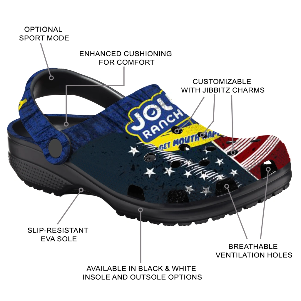 You’ll love it at first sight – and even more when it’s yours alone. Finish your clogs with a custom name or initials for a personal signature that stands out. Advanced UV printing keeps colors vivid without fading or peeling, so your look stays fresh from home lounging to errands, travel days, and lazy afternoons by the water. Easy to slip on and easy to love, the Custom Jolly rancher Patriotic Stars Blue Red Clogs brings together practicality, personality, and the playful spirit of Hey Clogs.
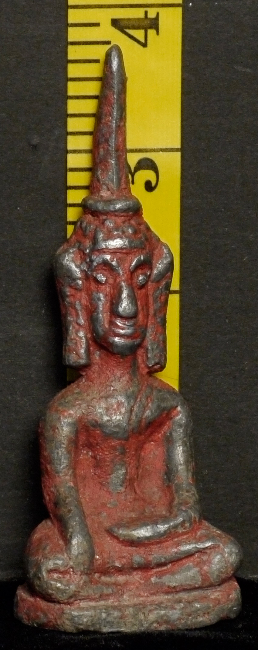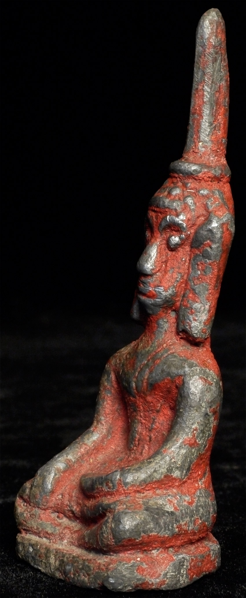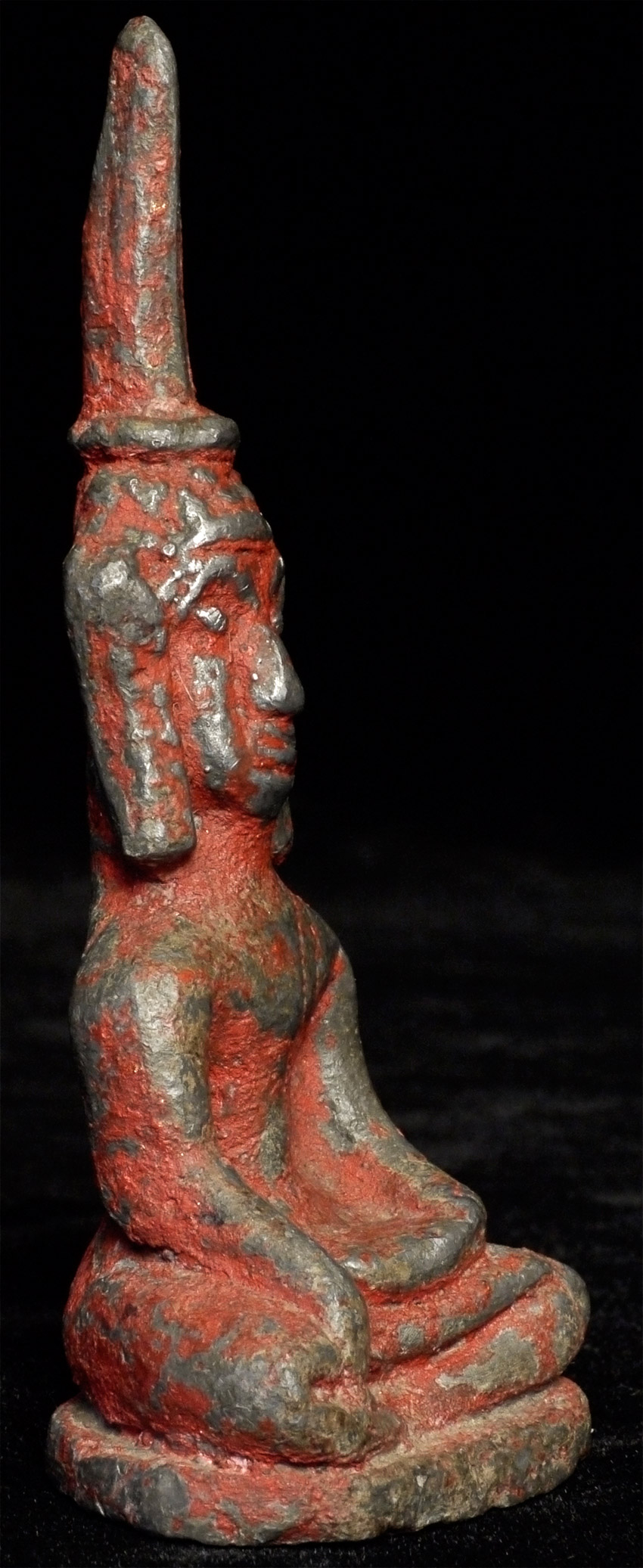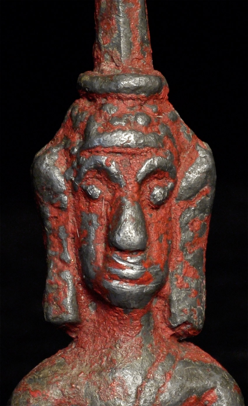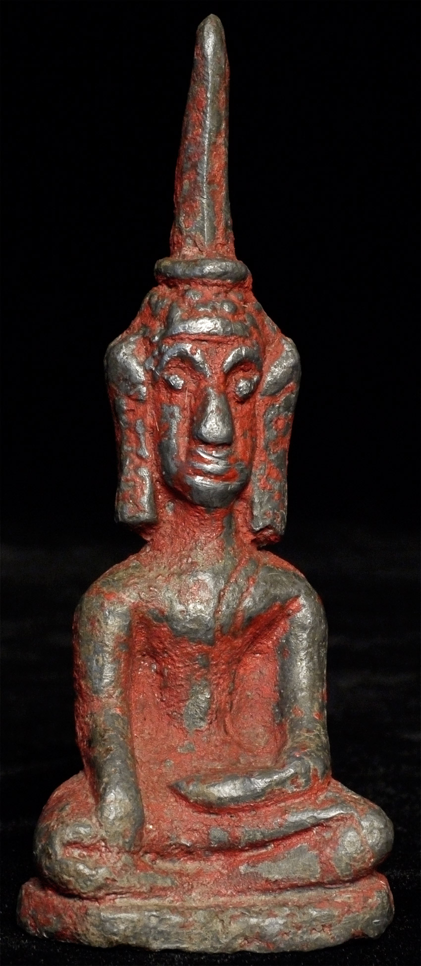 Provincial antique Laos Buddha that came out of a cave many years ago along with a group of 970 others. There were several different styles of them, and I bought all of them that were available from a Thai man who had owned them. They are quite heavy for their size. This piece is 3 7/8 inches tall.
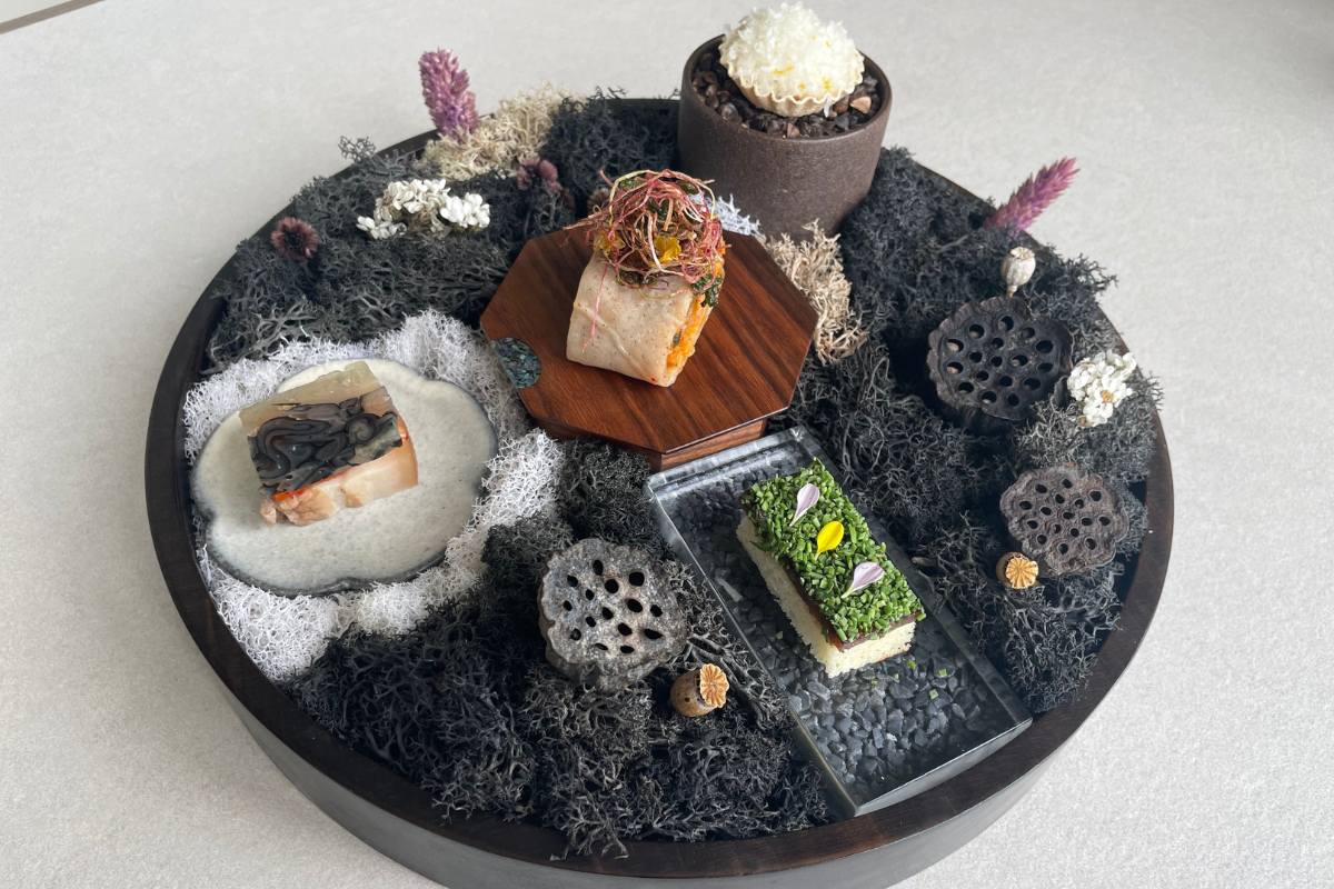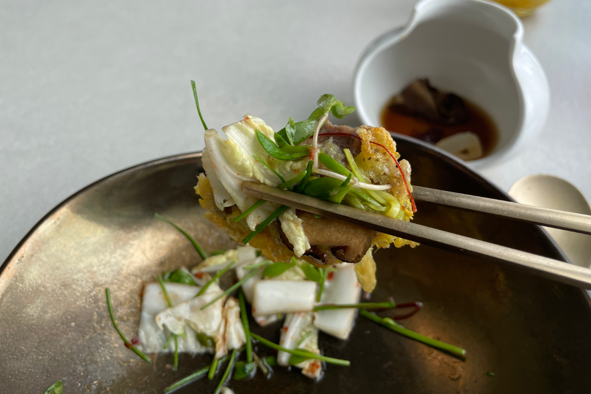 Хоёр дахь хоол нь Моксеокчохва хэмээх хоол бөгөөд дөрвөн өөр жижиг хоолыг өвөрмөц таваг дээр урлагийн бүтээл мэт байрлуулсан байв. Энэ хоол нь нэгэн бүрхэвчтэй бин, скатны гэдэс, трюфель богино хавирганы сэндвич, болон треск загасны тарт орно. Бидэнд тэдгээрийг энэ дарааллаар идэхийг зааварласан.
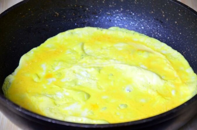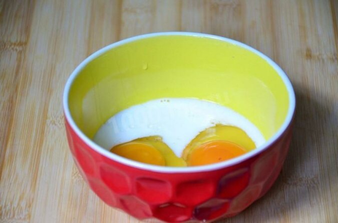 Najpierw należy usmażyć naleśniki. Więc, 2 jajka lekko ubijamy z mlekiem (2 łyżki), a następnie dodajemy sól i pieprz do smaku.
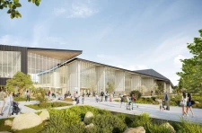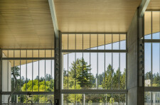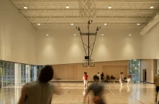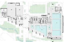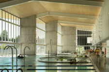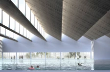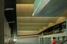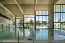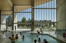 The east wing features aquatic spaces catering to wellness and competitive needs. A multi-use leisure pool combines lap lanes, spray elements, and a lazy river for play and rehabilitation. Adjacent glass bi-folding doors lead to an outdoor sun patio overlooking the ravine. A separate eight-lane, 50-meter lap pool is illuminated by indirect daylight from a sawtooth hybrid roof of steel trusses and mass timber, reducing glare and improving performance conditions for swimmers.
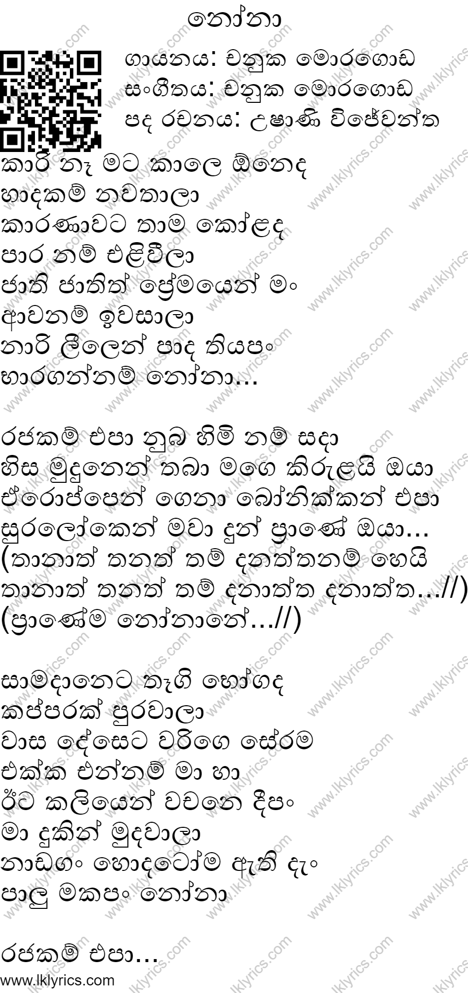 Our records indicate that Nona is sung by Chanuka Moragoda, . The lyricist of this song is Ushani Wijewantha. The composer of this song is Chanuka Moragoda. Nona's first published year is unknown. We would like to invite you to submit it if you are aware. You can listen to this song by visiting the following youtube link: https://youtu.be/qWN3z65wMvk. Lk Lyrics is largely a community maintained application. Please feel free to use our android app or web site to submit corrections to this song.
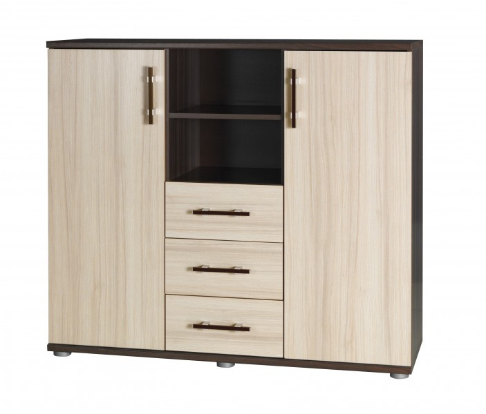 Komoda s dvířky a zásuvkami Inez je vyrobena z kvalitního lamina v odstínu jasan tmavý/jasan světlý. Díky svým rozměrům a vybavení, poskytuje dostatek úložného prostoru. Komodou můžete podle Vaší fantazie vybavit obývací pokoj, ložnici, studentský pokoj, nebo pracovnu. Je dodávána v demontu a součástí je montážní plánek včetně všech potřebných spojovacích materiálů. Pro inspiraci jsou přiloženy fotografie místností, které jsou vybaveny tímto nábytkem. Tyto sestavy také najdete v naší nabídce. Vyobrazené dekorace nejsou v ceně.

How to complete this task: Everything in the records that precede this task must be written out again exactly, except the pictures.

Response for this exercise:
 You’ll love it at first sight – and even more when it’s yours alone. Finish your clogs with a custom name or initials for a personal signature that stands out. Advanced UV printing keeps colors vivid without fading or peeling, so your look stays fresh from home lounging to errands, travel days, and lazy afternoons by the water. Easy to slip on and easy to love, the Custom Jolly rancher Patriotic Stars Blue Red Clogs brings together practicality, personality, and the playful spirit of Hey Clogs.
 Provincial antique Laos Buddha that came out of a cave many years ago along with a group of 970 others. There were several different styles of them, and I bought all of them that were available from a Thai man who had owned them. They are quite heavy for their size. This piece is 3 7/8 inches tall.
 Хоёр дахь хоол нь Моксеокчохва хэмээх хоол бөгөөд дөрвөн өөр жижиг хоолыг өвөрмөц таваг дээр урлагийн бүтээл мэт байрлуулсан байв. Энэ хоол нь нэгэн бүрхэвчтэй бин, скатны гэдэс, трюфель богино хавирганы сэндвич, болон треск загасны тарт орно. Бидэнд тэдгээрийг энэ дарааллаар идэхийг зааварласан.
 Najpierw należy usmażyć naleśniki. Więc, 2 jajka lekko ubijamy z mlekiem (2 łyżki), a następnie dodajemy sól i pieprz do smaku.
 The east wing features aquatic spaces catering to wellness and competitive needs. A multi-use leisure pool combines lap lanes, spray elements, and a lazy river for play and rehabilitation. Adjacent glass bi-folding doors lead to an outdoor sun patio overlooking the ravine. A separate eight-lane, 50-meter lap pool is illuminated by indirect daylight from a sawtooth hybrid roof of steel trusses and mass timber, reducing glare and improving performance conditions for swimmers.
 Our records indicate that Nona is sung by Chanuka Moragoda, . The lyricist of this song is Ushani Wijewantha. The composer of this song is Chanuka Moragoda. Nona's first published year is unknown. We would like to invite you to submit it if you are aware. You can listen to this song by visiting the following youtube link: https://youtu.be/qWN3z65wMvk. Lk Lyrics is largely a community maintained application. Please feel free to use our android app or web site to submit corrections to this song.
 Komoda s dvířky a zásuvkami Inez je vyrobena z kvalitního lamina v odstínu jasan tmavý/jasan světlý. Díky svým rozměrům a vybavení, poskytuje dostatek úložného prostoru. Komodou můžete podle Vaší fantazie vybavit obývací pokoj, ložnici, studentský pokoj, nebo pracovnu. Je dodávána v demontu a součástí je montážní plánek včetně všech potřebných spojovacích materiálů. Pro inspiraci jsou přiloženy fotografie místností, které jsou vybaveny tímto nábytkem. Tyto sestavy také najdete v naší nabídce. Vyobrazené dekorace nejsou v ceně.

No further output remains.